Photovoltaic Inverter with MPPT Using Solar Explorer Kit
This example shows how to implement a photovoltaic (PV) inverter system using the C2000™ Microcontroller Blockset. The example uses the Texas Instruments Solar Explorer Kit along with the Texas Instruments F28035 controlCARD.
Using this example, you can:
Simulate a plant model for a PV inverter system
Test the performance and tune the control algorithm
Generate code for the controller and load it on the controlCARD
Monitor signals and tune parameters using the host computer
Texas Instruments Solar Explorer Kit (TMDSSOLAR(P/C)EXPKIT)
Simulate the Photovoltaic Inverter with MPPT
The simulation model consists of the plant model and the controllers. The plant model consists of three major components:
Emulated PV Panel: This module takes the irradiance value as input (in kW/m2) and simulates the PV emulator implemented on the Texas Instruments Solar Explorer Kit.
DC-DC Boost Converter: This module boosts up the input voltage based on the duty cycle of the PWM pulses.
Single Phase DC-AC Inverter: This module generates a single-phase AC voltage waveform using the H-bridge topology. An AC load can be connected to the output.
The controllers in the simulation model are:
Maximum power point tracking (MPPT)
DC-DC boost controller
DC-AC inverter controller
To make a solar panel energy efficient, the panel must be operated at its maximum power point. However, the maximum power point is not fixed because of the nonlinear nature of the PV cell and changes in temperature and light intensity. The perturb & observe (P&O) algorithm is implemented using a Stateflow® chart for calculating the reference voltage required for maximum power point operation. The reference voltage is achieved with the help of the DC-DC boost controller. The DC-DC boost controller implements a PI controller to track the reference voltage set by the MPPT algorithm. For tracking the reference voltage, the PV panel voltage (Vpv) is measured.
The DC-DC boost converter is a traditional single-phase converter with a single switching MOSFET, Q1. The duty cycle of the PWM output that drives Q1 determines the amount of boost imparted to the controlled parameter.
The DC-DC boost controller is realized using a PI controller. An increase in the duty cycle of the boost converter loads the panel and results in a panel output voltage drop. Accordingly, an increase in the output of the controller (duty cycle of the boost converter) causes an increase in the error input to the controller. To achieve the reference voltage value, the feedback and the voltage reference inputs of the PI controller are reversed. The controller operates at a rate of 50 kHz.

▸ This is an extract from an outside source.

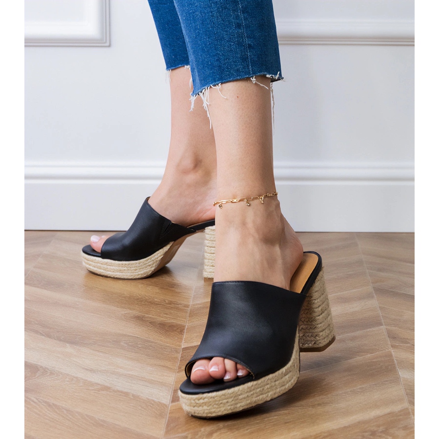 Culoarea lor neagră clasică înseamnă că se potrivesc perfect cu multe stiluri - de la combinații zilnice casual până la un aspect elegant de seară. Datorită înălțimii călcâiului de 10 cm, aceste flip -flops prelungesc optic picioarele, adăugând încredere.

The DC-DC boost converter output voltage is not controlled using the DC-DC boost controller. However, the boost converter output voltage is regulated by the DC-AC inverter controller, which modulates the current drawn by the DC-AC inverter to keep this voltage regulated. The DC-AC inverter controller uses nested control loops — an outer voltage loop and an inner current loop.
The voltage loop generates the reference for the current loop. An increase in the current loads the DC bus and therefore causes a drop in the DC bus voltage. To achieve the reference voltage value, the feedback and the outer voltage compensator reference are reversed. The current reference is then multiplied by the sine reference to get the instantaneous current reference. The instantaneous current reference is then used by the current compensator along with the feedback current to provide duty cycle for the DC-AC inverter. The duty cycle is calculated using the unipolar sine PWM technique.
The input to the PV emulator can be changed to run the simulation for different values of irradiance. The controller parameters can be tuned to get a refined performance.
Generate Code for the Controller and Load It on the ControlCARD
The deployment model consists of three real-time interrupt service routines (ISR) used for:
Closed loop control of the DC-DC boost converter (50 kHz)
Closed loop control of the DC-AC inverter (20 kHz)
Setting the irradiance value sent by the user from a host model
The F28035 processor receives the irradiance value through serial communications interface (SCI) and sends it to the F28027 processor (PV emulator on the Solar Explorer Kit) using serial peripheral interface (SPI) communication. The F28027 processor is preconfigured to receive the updated irradiance value from the F28035 processor.
Monitor Signals and Tune Parameters Using the Host Computer
The host model receives the data from the kit and plots it to verify the performance of the MPPT and the control algorithms.
Monitor the Signals
While the model runs, you can monitor the Actual Panel Power signal on the scope. Actual Panel Power is the real-time power supplied by the PV emulator.
Tune the Parameters
While the model runs, you can tune parameters using the dashboard blocks:
Irradiance — The irradiance value (in kW/m2) supplied to the PV emulator.
Manual PV Voltage Reference — The value used to manually set the operating point of the PV emulator. This value is used when the toggle switch is set to the Manual Vref option. Toggling the switch turns off the MPPT algorithm and lets you choose the operating voltage of the PV emulator. The value must be less than or equal to the open-circuit voltage of the panel at the set irradiance, that is,
Vref_cmd <= Irradiance (in kW/m2) * 28.